## INSTRUCTIONS FOR THE TASK
Restate word for word the lines of the listing below, from its first line through the line with "Aritzia Wilfred Tempest", without the pictures.

## DATA
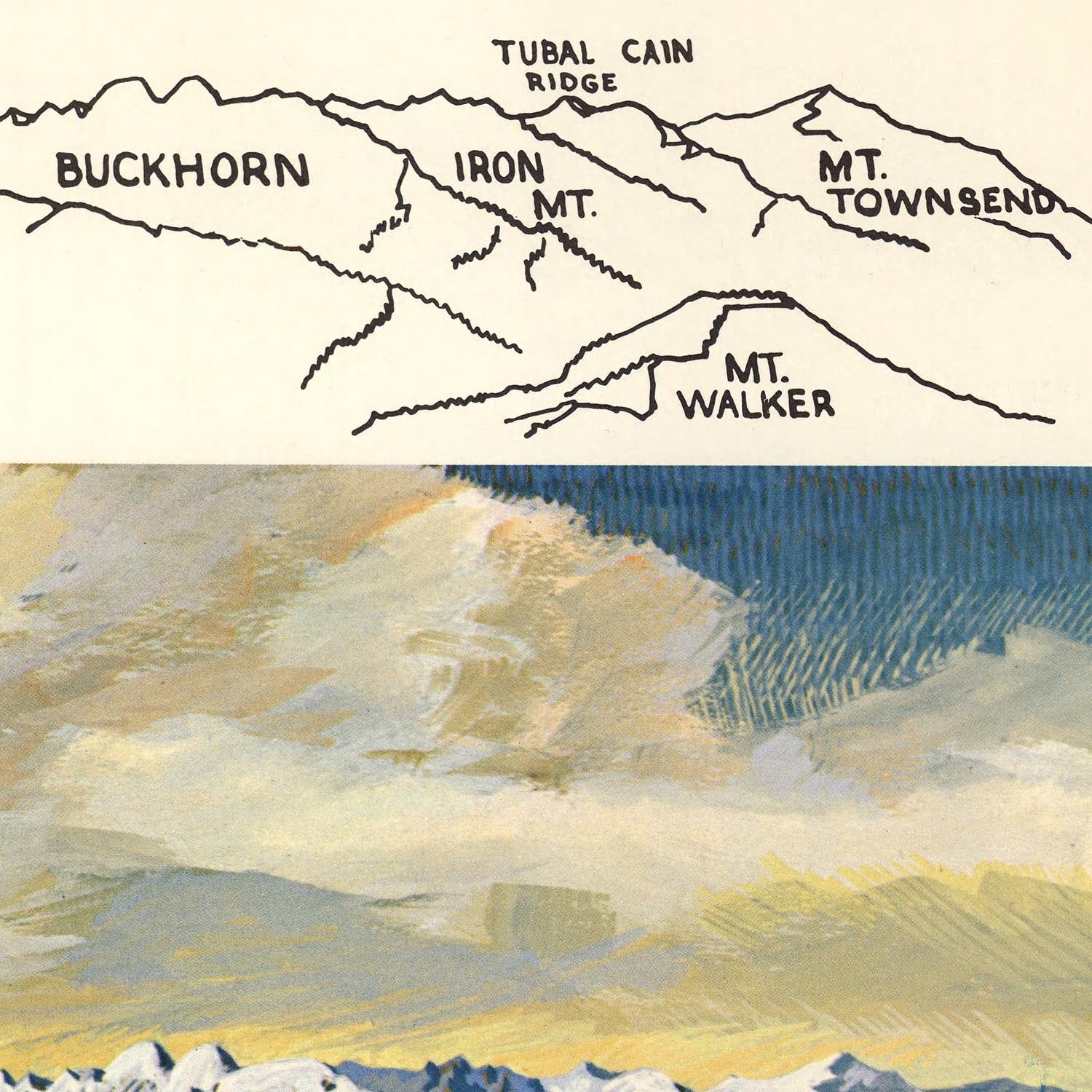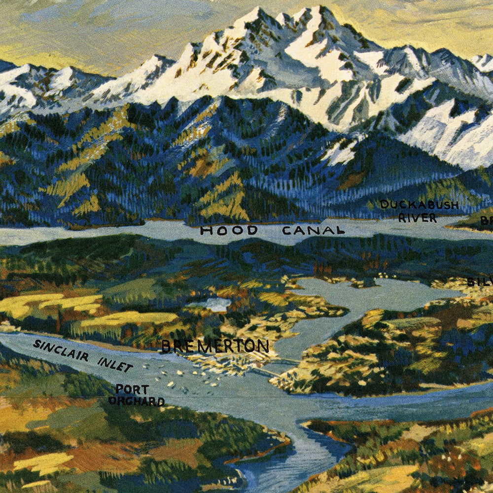 The heart of the composition is the Olympic range, rendered as a sculptural procession of named summits—Mt. Ellinor, Mt. Washington, Mt. Crusoe, Mt. Pershing, Mt. Stone, Mt. Anderson, Mt. Jupiter, The Brothers, and Big Cedar Mountain—each peak rising as a landmark with its own personality. The artist’s elevated perspective lets the eye trace ridgelines and valleys as they tumble toward saltwater, evoking the drama that inspired early park advocates and mountaineers. Historically, these peaks were visual wayfinders for mariners and symbols of the enduring wilderness that shaped conservation debates from the 1930s through the postwar outdoor boom, culminating in a 1960s public newly attuned to recreation and preservation.
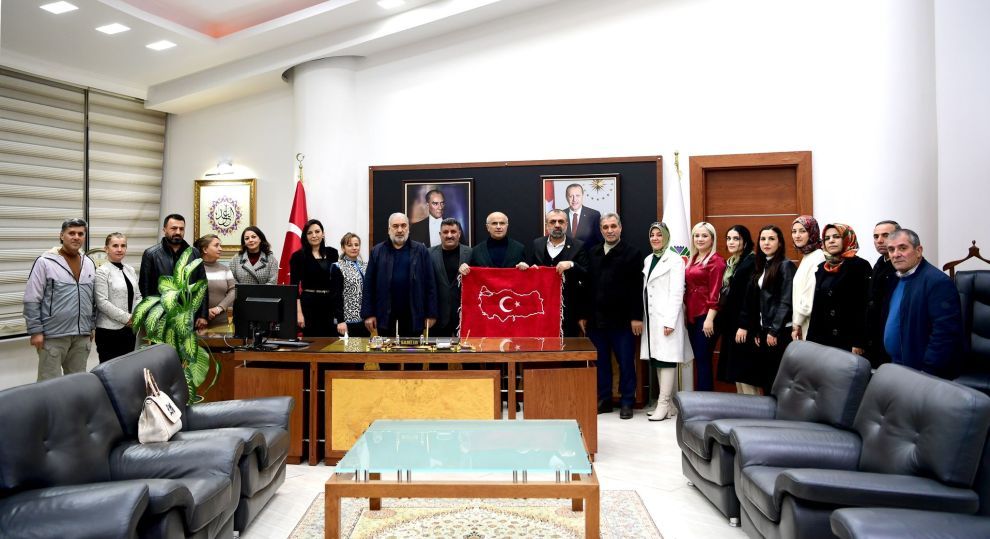 Ziyarete ilişkin değerlendirmede bulunan İhsan Akın, “Malatya Büyükşehir Belediye Başkanımız Sayın Sami Er’i makamında tarım platformu üyelerimiz ve kadın girişimcilerimizle birlikte ziyaret ettik, birçok konuda görüşmeler yaptık ve hayvan yününden yapılma Türkiye haritası bayrak halımızı hediye ettik. İlgisi ve misafirperverliği için teşekkür ederiz. Hayırlı akşamlar diliyorum.” ifadelerini kullandı.
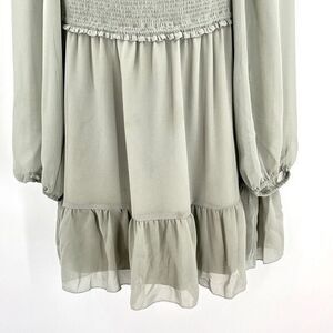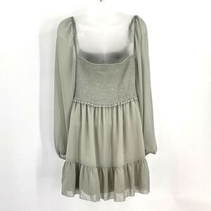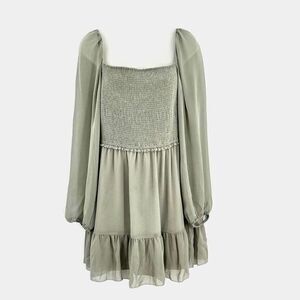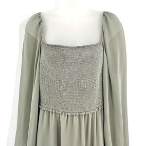 Aritzia Wilfred Tempest Short Dress L Green Smocked Chiffon Sleeves Fairycore
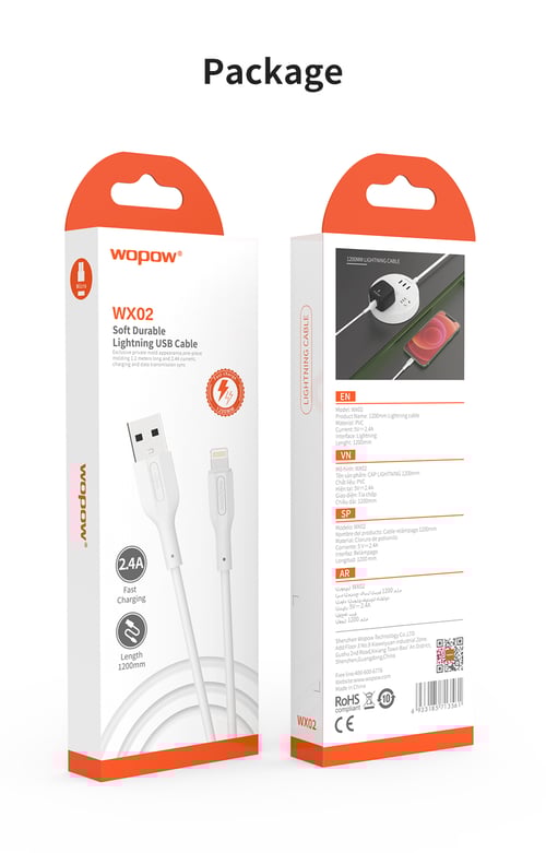 Woppow Data Cable Soft Fast ChargingLightning USB Cable Length 1200mm
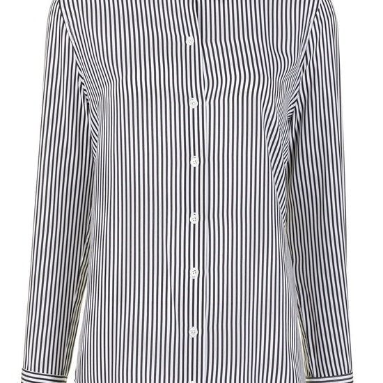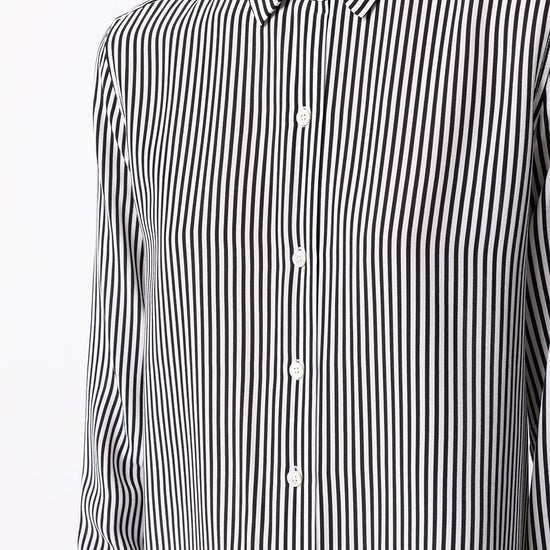 White/blue silk vertical stripe pattern classic collar front button fastening long sleeves striped silk shirt size and fit - this piece fits true to size. we recommend you get your regular size. model is 1,75m / 5ft 8in wearing size s

## RESPONSE FOR THIS EXERCISE
 The heart of the composition is the Olympic range, rendered as a sculptural procession of named summits—Mt. Ellinor, Mt. Washington, Mt. Crusoe, Mt. Pershing, Mt. Stone, Mt. Anderson, Mt. Jupiter, The Brothers, and Big Cedar Mountain—each peak rising as a landmark with its own personality. The artist’s elevated perspective lets the eye trace ridgelines and valleys as they tumble toward saltwater, evoking the drama that inspired early park advocates and mountaineers. Historically, these peaks were visual wayfinders for mariners and symbols of the enduring wilderness that shaped conservation debates from the 1930s through the postwar outdoor boom, culminating in a 1960s public newly attuned to recreation and preservation.
 Ziyarete ilişkin değerlendirmede bulunan İhsan Akın, “Malatya Büyükşehir Belediye Başkanımız Sayın Sami Er’i makamında tarım platformu üyelerimiz ve kadın girişimcilerimizle birlikte ziyaret ettik, birçok konuda görüşmeler yaptık ve hayvan yününden yapılma Türkiye haritası bayrak halımızı hediye ettik. İlgisi ve misafirperverliği için teşekkür ederiz. Hayırlı akşamlar diliyorum.” ifadelerini kullandı.
 Aritzia Wilfred Tempest Short Dress L Green Smocked Chiffon Sleeves Fairycore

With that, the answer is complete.